Now I am not blaming Google too much. I think it is the legal environment that creates a Darwinian competition where sociopaths rise to the top. If companies had personalities (I don't think they do, at least not to the extent that everyone anthropomorphizing them), most would be diagnosed as dysfunctional sociopaths. Those that aren't, we never hear about.
> Of course a few dissidents who were turned in by Google to face long prison sentences in countries with oppressive regimes might have something to say about the track record of the "do no evil" policy, but somehow everyone already forgot about that.
No offense, but saying that they were 'turned in' is a little loaded. The governments queried Google for identities and got them. I never heard of a story where Google was actively searching for dissidents to turn into the government like some sort of bounty hunter.
No offense but "queried" them is a little loaded as well. Can't imagine these dissidents displayed their, name and address in the open. So "queried" is more like, "turning in the IP address and the time-stamp" at the request of the Chinese government. And I don't really buy the "we have no idea why the Chinese govt. would want these" possible excuse from Google.
Never-mind their active participation in blocking information and issues relating to Tibet and thus contributing to the problem.
Well, I expected to get down-voted on HN for even alluding that Google would do something wrong, and for not worshiping Sergey & Larry. This is definetly Google fanboy country.
"Hail Almighty Google!" -- there, fixed it now. Let the points roll in.
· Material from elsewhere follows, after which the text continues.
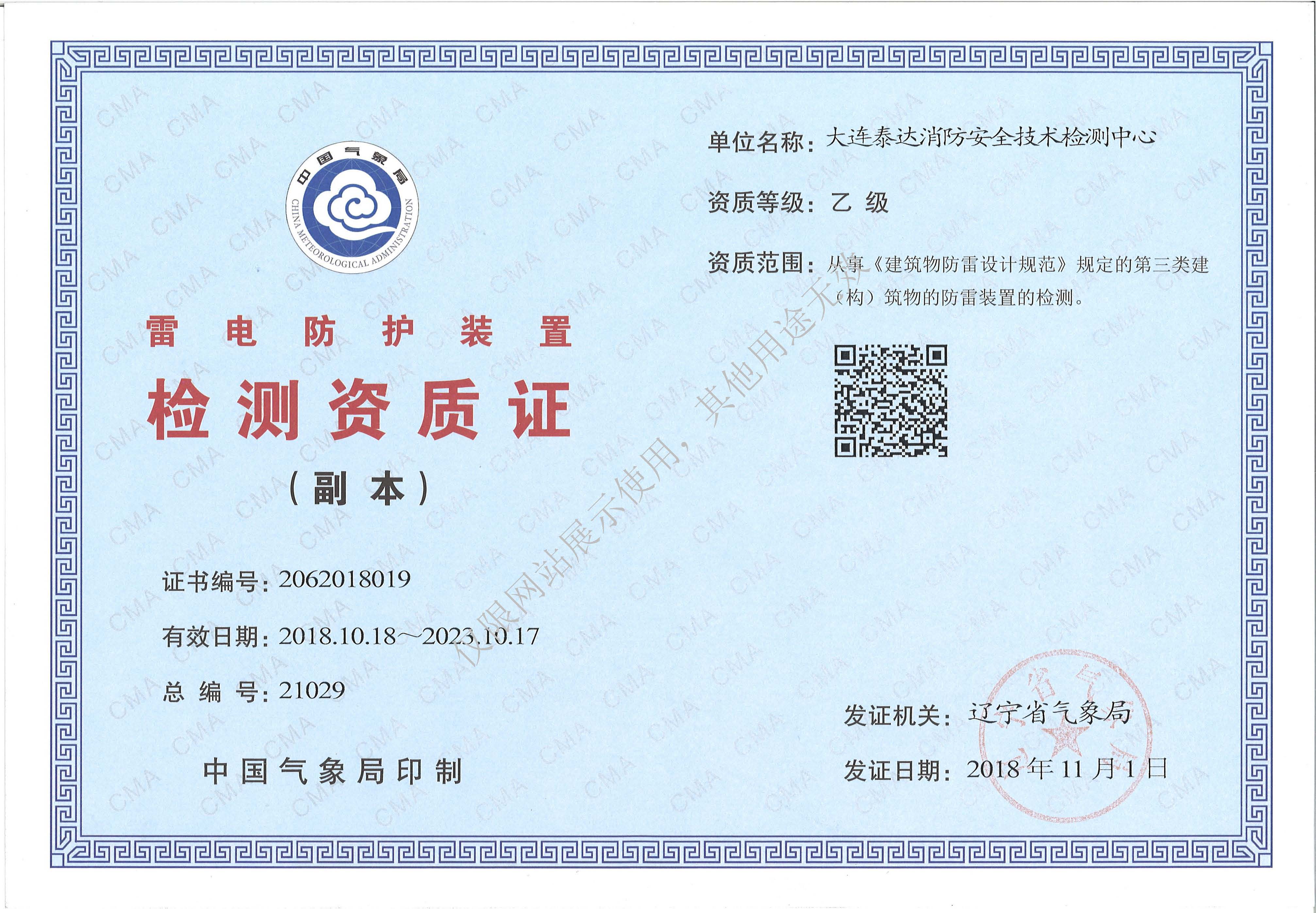 · 是經“社會消防技術服務信息系統”備案并公示的消防技術服務機構,已取得中國氣象局頒發的雷電防護裝置檢測資質證書、遼寧省質量技術監督局審核批準的檢驗檢測機構資質認定證書(CMA)及包括消防檢測、電氣檢測、雷電防護裝置檢測、防火涂層厚度檢測等在內的200余項檢驗檢測能力,取得大連市應急管理局頒發的安全生產標準化證書,獲得質量管理體系、環境管理體系、職業健康安全管理體系認證證書,是經備案的高新技術企業,可獨立出具具有證明作用的檢測報告。

My only point was that there is a difference between "responded when prompted" and "actively sought out information to exchange."
I'm definitely no Google fanboy. It just really irks me when I see something that is seemingly trying to convince me of a point with subtle cues rather than just presenting the information. I have no problem 'attacking' people that share values with me if I think that they might be misrepresenting the facts or just coming across in a way that would hurt 'the cause.'
"The thing that’s hard for the sociopaths to get their head around is that this isn’t because one of their rivals has outsmarted them — it’s just the march of technology. "
I don't get this quote. It's quite clear Brin and Page did outsmart them. Murdoch's latest rantings clearly show he doesn't understand we live in a world of algorithms now and just having a team of content producers has nothing on having a team of programmers, a host of servers and the capacity to find people the content they need in the vast expanse of the Internet/long tail.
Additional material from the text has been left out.